On the Razzle (1983 TV Movie)
6/10
Paging Thornton Wilder
19 February 2006
My memories of this production are over twenty years old now - it was pushed by PBS because it seemed a good production and the play by Johann Nestoy (19th Century Austria's greatest dramatist) was the ancestor of Thornton Wilder's THE MERCHANT OF YONKERS turned into THE MATCHMAKER turned into HELLO, DOLLY! It was a good production, particularly Felicity Kendall's "pants" role of the larking junior clerk Christopher (her scene ordering food at the restaurant as though she were to the manor born was wonderful), but one performance was totally annoying. Dimsdale Laden's Zangler (the model for Wilder's Vandergelder) was annoying. Either the performer (or in this case, the director) made the character so fatuous that one could not believe he had a head for business. Both Paul Ford and Walter Matthau in their respective performances as Vandergelder showed business competence as well as self-importance. They were believable, while Laden was improbable.

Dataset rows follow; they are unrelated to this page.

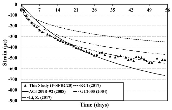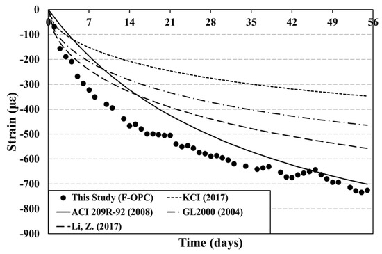 Each prediction model predicts the drying shrinkage strain based on different environmental and material factors. For the F-OPC and F-SFRC20 specimens, we compared the free-drying shrinkage strain results obtained using the prediction models with the test results.
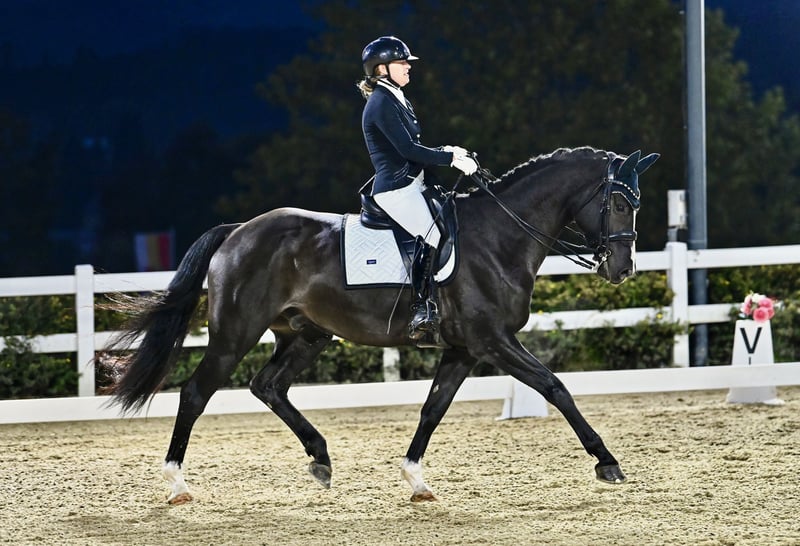 With a heavy heart, I am selling my 8-year-old gelding named Fridolin. Fridolin has been with me since he was four years old and has a heart of gold. In his training, he has achieved successes up to Medium level dressage. He is a fantastic horse for practicing flying changes, which he performs from any situation. Fridolin is a well-behaved horse with a clear mind and a balanced temperament. This makes him an excellent partner for nervous or beginner riders. He is also great in the field, and he is herd-friendly, shoeing- and loading-safe. Due to lack of time, Fridolin is now looking for a 5-star home. For inquiries, please contact me at the following phone number: +49 151 23581553
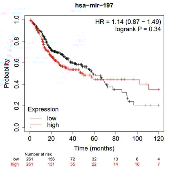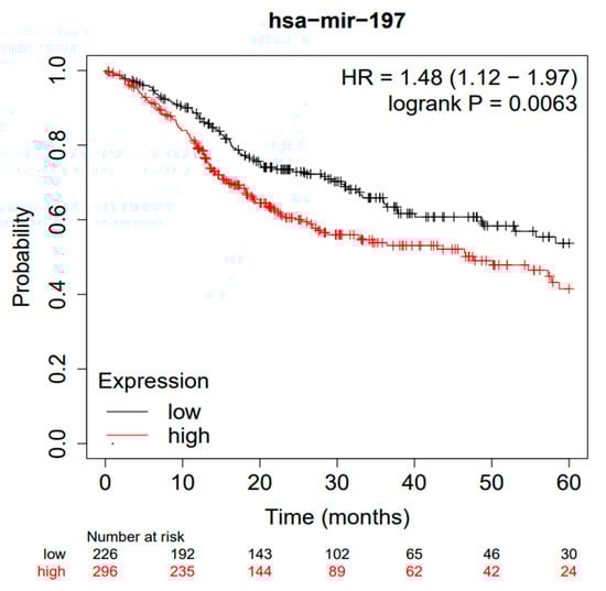 Kaplan–Meier curves according to the miR-197 expression levels for overall survival (OS) of patients with HNSCC (TGCA cohort). Kaplan–Meier curves created by the public database and web application Kaplan–Meier plotter (http://kmplot.com/analysis/, accessed on 1 August 2022).
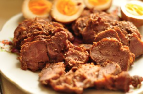 肉取出,冷藏后切片,尝一尝,味道刚刚好,而且肉质细嫩,还有筋在里面很好吃。
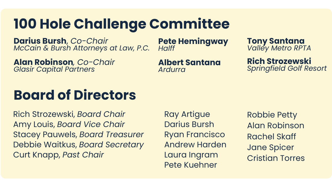- Year-round visibility on the First Tee – Phoenix website, annual impact reports, quarterly newsletters, and event signage at the FT-PHX Tour Junior Golf Tournaments
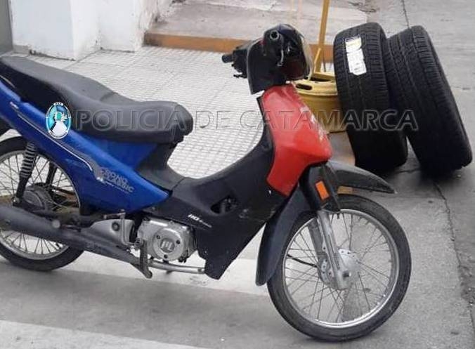 Minutos más tarde, por requerimiento del Comando Radioeléctrico, los policías llegaron hasta la esquina de Avenida Alem y calle San Martin, donde un efectivo policial que cumplía servicio adicional en una estación de servicio observó cuando dos hombres circulaban a bordo de una motocicleta Motomel 110 cc., de colores azul y rojo, y por causas que se tratan de establecer el conductor perdió el control del rodado y cayeron a la cinta asfáltica.

From the start of his first line he seemed to contradict every sentence he said by repeating it from the center or going around to a different point of view immediately. And doing it with the most vacant faced grinning smile I have ever seen in a performance. Only once did that smile end, and the face seem (momentarily) funny and human - when he is presented with the bill for all the characters at the restaurant, he suddenly got bugged-eyed and upset (and, best of all, at a loss for words). Too bad that approach could not be used more frequently in his case. He drags this play production down from a possible 8 or 9 to a 6.